Async execution requires the `tokio` feature. Per-attempt timeouts are stored in `RetryOptions` through the builder. When an attempt times out, the executor reports `AttemptFailure::Timeout`, and listeners can inspect the configured timeout through `RetryContext::attempt_timeout()`. Operation panics still unwind through the current async task; `run_async()` does not convert them to `AttemptFailure::Panic`.

```rust
use qubit_retry::Retry;
use std::time::Duration;

async fn fetch_once() -> Result<String, std::io::Error> {
    Ok("response".to_string())
}

async fn fetch_with_retry() -> Result<String, Box<dyn std::error::Error>> {
    let retry = Retry::<std::io::Error>::builder()
        .max_attempts(3)
        .fixed_delay(Duration::from_millis(50))
        .attempt_timeout(Some(Duration::from_secs(2)))
        .retry_on_timeout()
        .build()?;

    let response = retry
        .run_async(|| async {
            fetch_once().await
        })
        .await?;

    Ok(response)
}
```

Plain `run()` keeps normal same-thread synchronous execution. It is the lowest-overhead path and works well for short, high-frequency operations such as CAS loops. `run()` does not support configured per-attempt timeouts: it returns `RetryErrorReason::UnsupportedOperation` when `attempt_timeout` is set. Use `run_async()` for cancellable async futures, or `run_in_worker()` when blocking work must run on a worker thread.

## Elapsed Budgets

Retry elapsed budgets are measured with monotonic `Instant` time, not wall-clock time:

- `max_operation_elapsed`: cumulative time spent executing user operation attempts. Retry sleeps, retry-after sleeps, and listener time are excluded.
- `max_total_elapsed`: total retry-flow time. Operation attempts, retry sleeps, retry-after sleeps, retry hint extraction, `on_before_attempt`, `on_failure`, and `on_retry` time are included.

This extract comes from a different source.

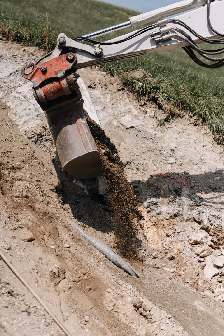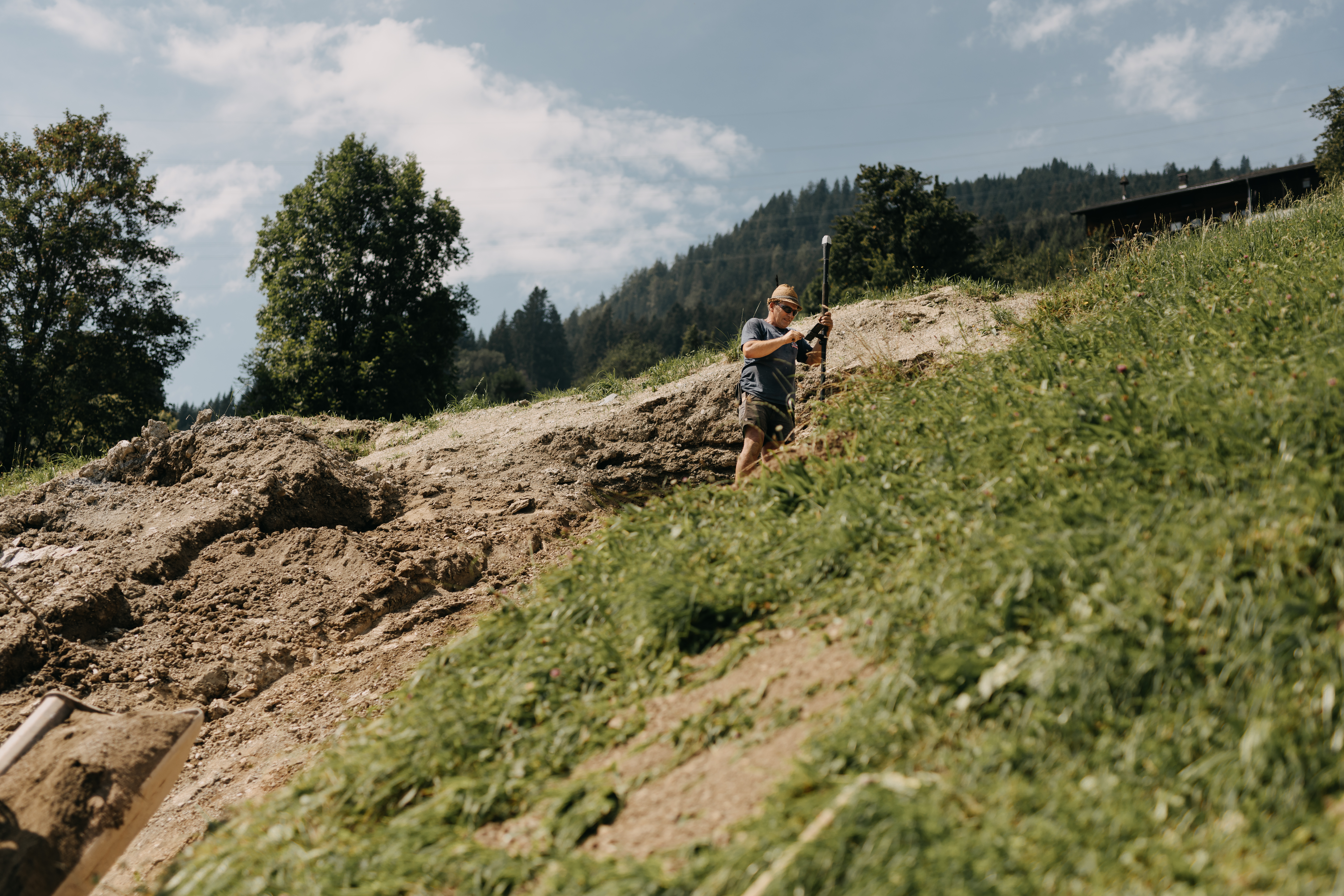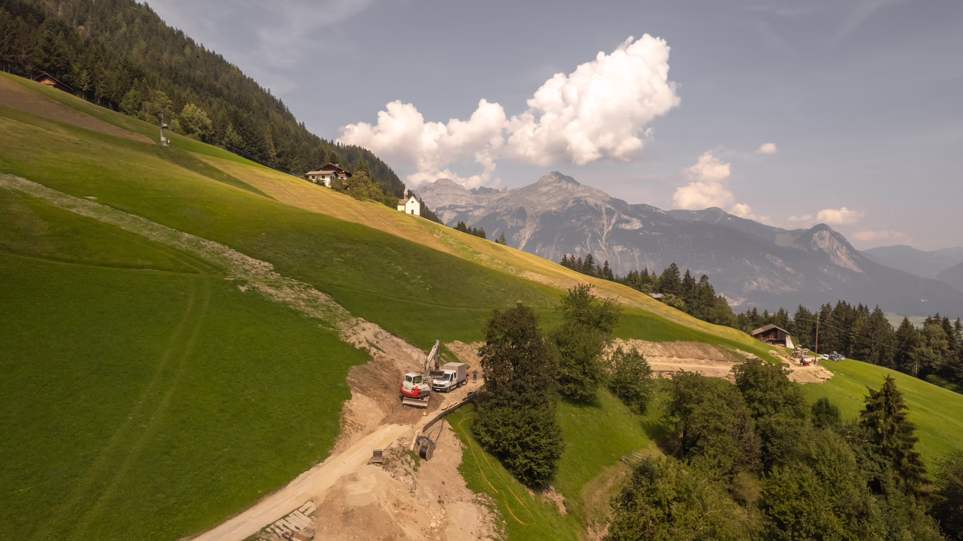 Von März bis Oktober 2024 ging es jedoch am halben Schlitterberg ein wenig geschäftiger zu als sonst – das RIEDER Tiefbau Team ließ auf einer Trassenlänge von circa zwei Kilometern keinen Stein auf dem anderen. Grund dafür war die Erschließung sowie Verlegung von 3,2 km Rohrleitungen für Schmutz- und Regenwasser sowie der Anschluss von neuen Trinkwasserableitungen vom Mentelweg bis zum Martelerhof. Zudem verlegten die drei Männer 1,5 km Leerrohre für LWL, errichteten Löschwasserversorgungen mit zwei Hydranten, bauten 18 Kanalschächte und eine Schmutzwasserpumpstation beim Mentelhof. Tatkräftig unterstützt wurde das RIEDER Tiefbau Team von einem 9-Tonnen- und einem 16-Tonnen-Bagger und so konnten alle Arbeiten für die Erschließung der zehn Häuser souverän abgeschlossen werden.

Terminal listeners keep notification semantics. `on_success` and `on_error` can add caller-visible latency, but they do not turn an already successful operation into a retry failure.

Async and worker-thread attempts use the shortest of configured `attempt_timeout`, remaining `max_operation_elapsed`, and remaining `max_total_elapsed` as the effective attempt timeout. If the selected retry or retry-after delay would consume the remaining `max_total_elapsed` budget, the flow fails with `RetryErrorReason::MaxTotalElapsedExceeded` before sleeping. Retry sleeps are not truncated.

## Worker-Thread Retry

`run_in_worker()` runs every attempt on a worker thread. Without an attempt timeout, the caller waits for the worker result and worker panics are captured as `AttemptFailure::Panic`. Worker-spawn failures are reported as `AttemptFailure::Executor`. With an attempt timeout, the retry executor stops waiting when the timeout expires, marks the attempt token as cancelled, and waits up to `worker_cancel_grace` (default `100ms`) for the worker to exit before applying the configured `AttemptTimeoutPolicy`.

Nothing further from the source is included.